# another '37 Huffman Super Streamline project...sort of



## 37fleetwood (Sep 5, 2013)

here it is, the last of my Streamline projects. not sure if I'll build it or not...


----------



## Freqman1 (Sep 5, 2013)

Should we vote on this one Scott or are you waiting for purist bastards like myself to verbally abuse you?   V/r Shawn


----------



## 37fleetwood (Sep 5, 2013)

Freqman1 said:


> Should we vote on this one Scott or are you waiting for purist bastards like myself to verbally abuse you?   V/r Shawn




I'm waiting for one of you purists to pay me more to not build it than someone would pay me to build it on the sly and sell it to them...


----------



## cyclonecoaster.com (Sep 6, 2013)

*I will take it ....... NOT*

Is that a folding bike version ??? Or maybe the very rare tinker toys edition ... the welds were worse than I thought on those Huffmans .... man - I'm glad I kept my Shelby !!! 

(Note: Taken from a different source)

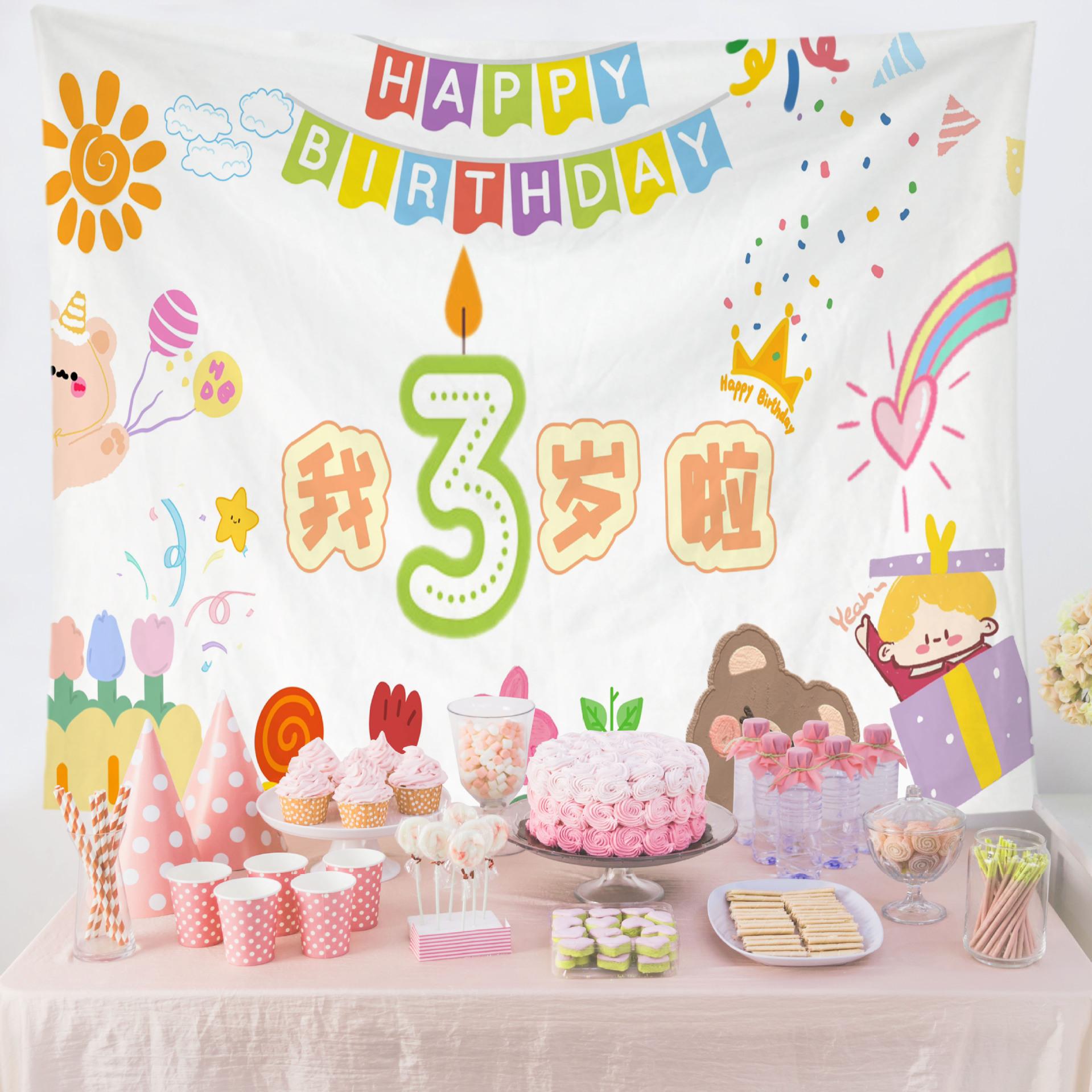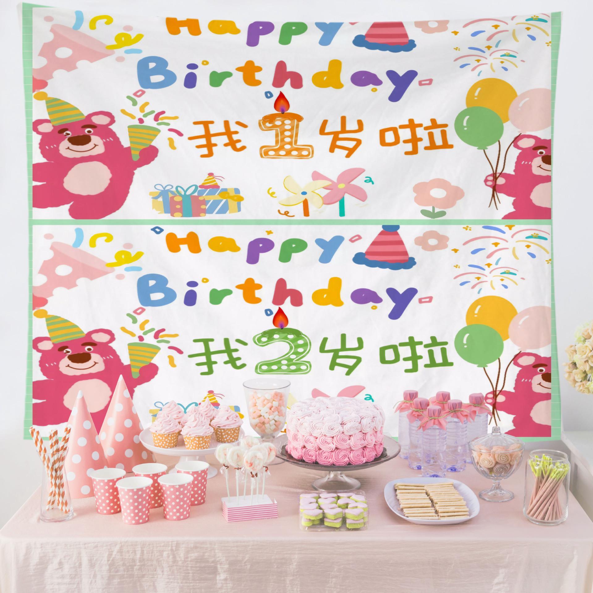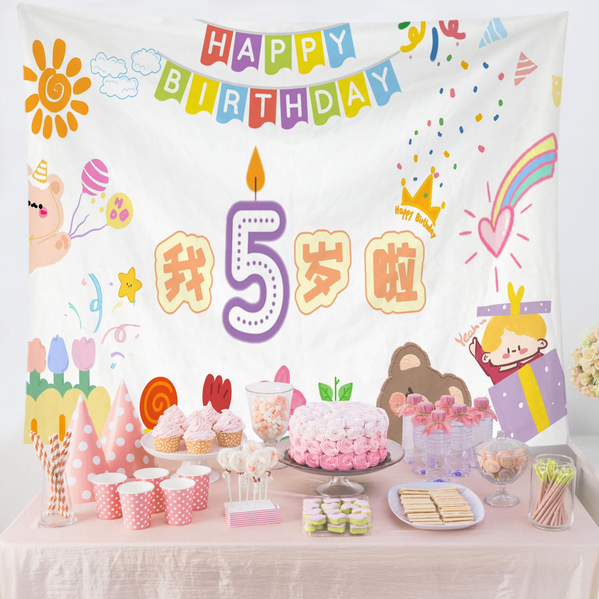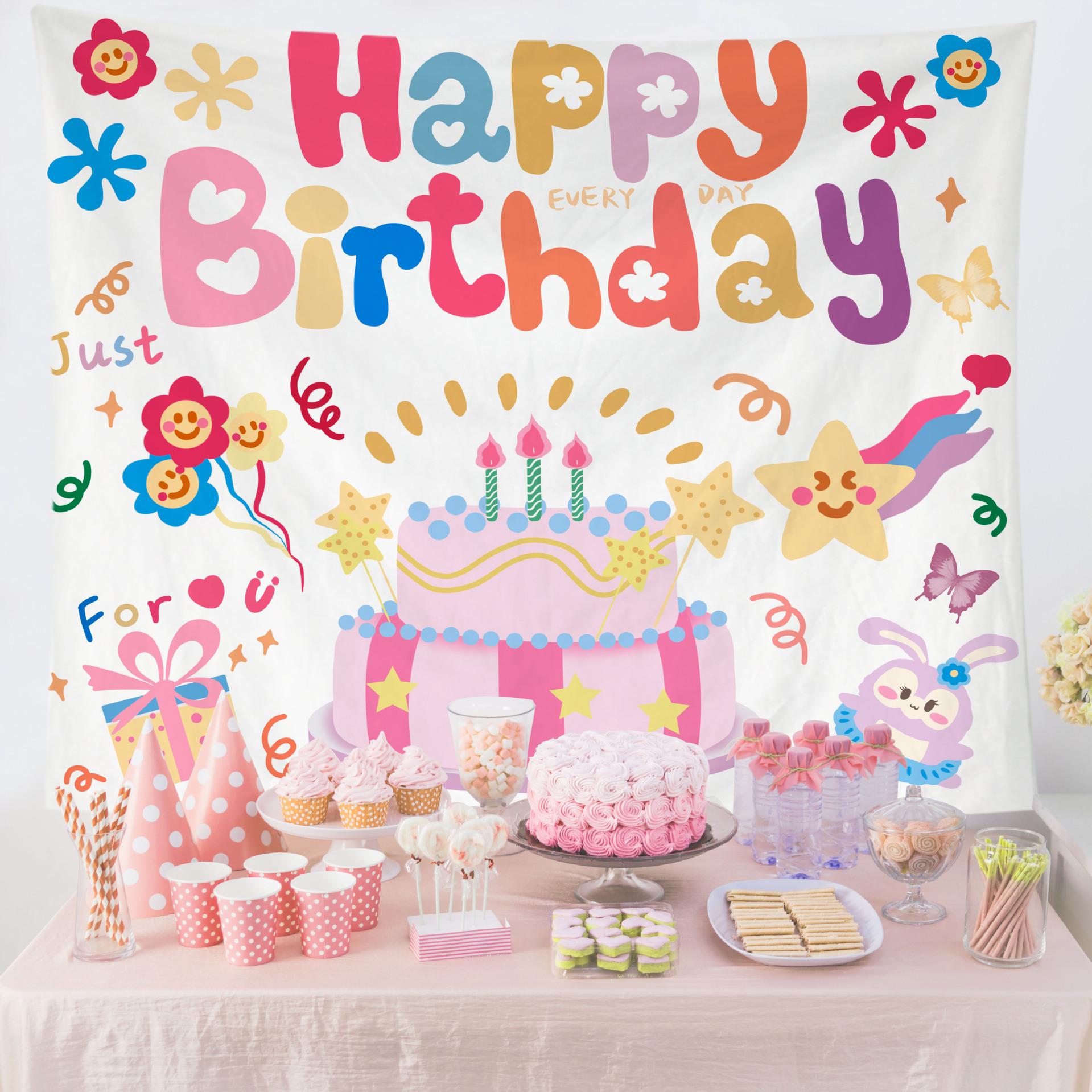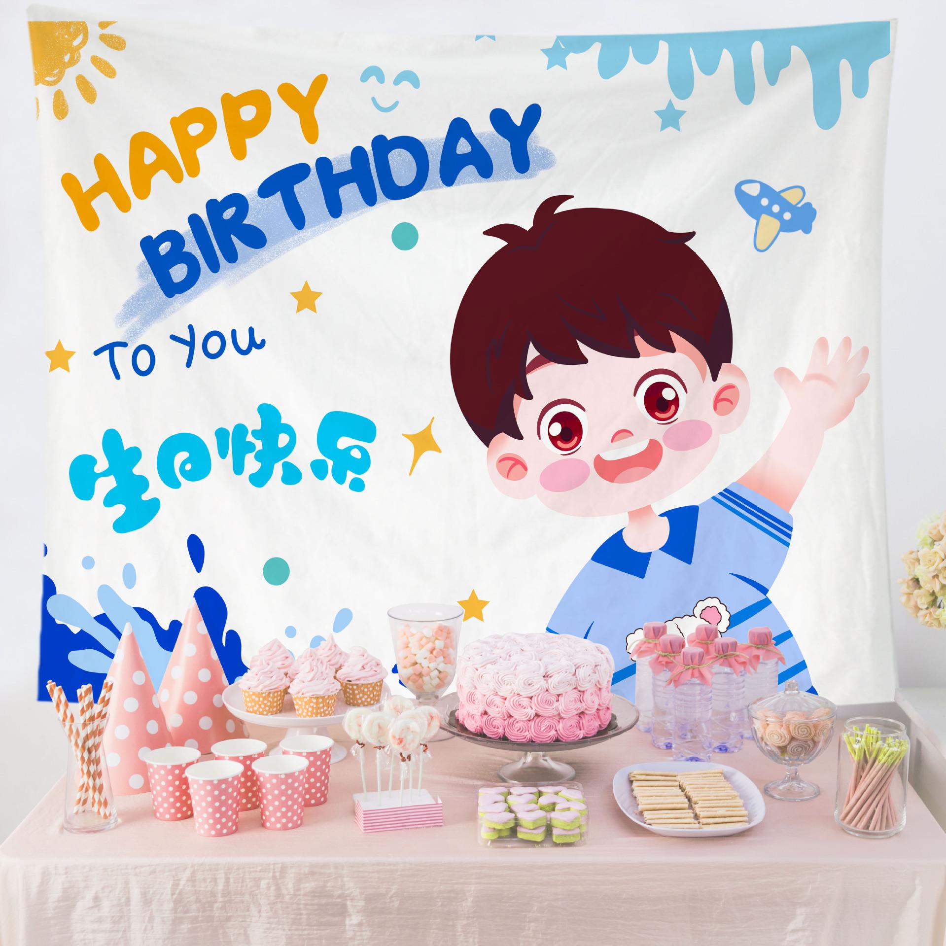 Tela de Fondo de Feliz Cumpleaños Nueva Decoración de Fiesta Infantil Tela Colgante Dibujos Animados Lindo Niño Niña Cumpleaños Tela de Pared

Just build it up if you have the time ... better than what it is now .... a worthless pile of project ..............................


----------



## Freqman1 (Sep 6, 2013)

The recipe--add some rare parts e.g. seat, stem, reflector, guard, tank, and pedals,  a bunch of $$$$, and stir gently to get something like this.....



Except this is the real deal!


----------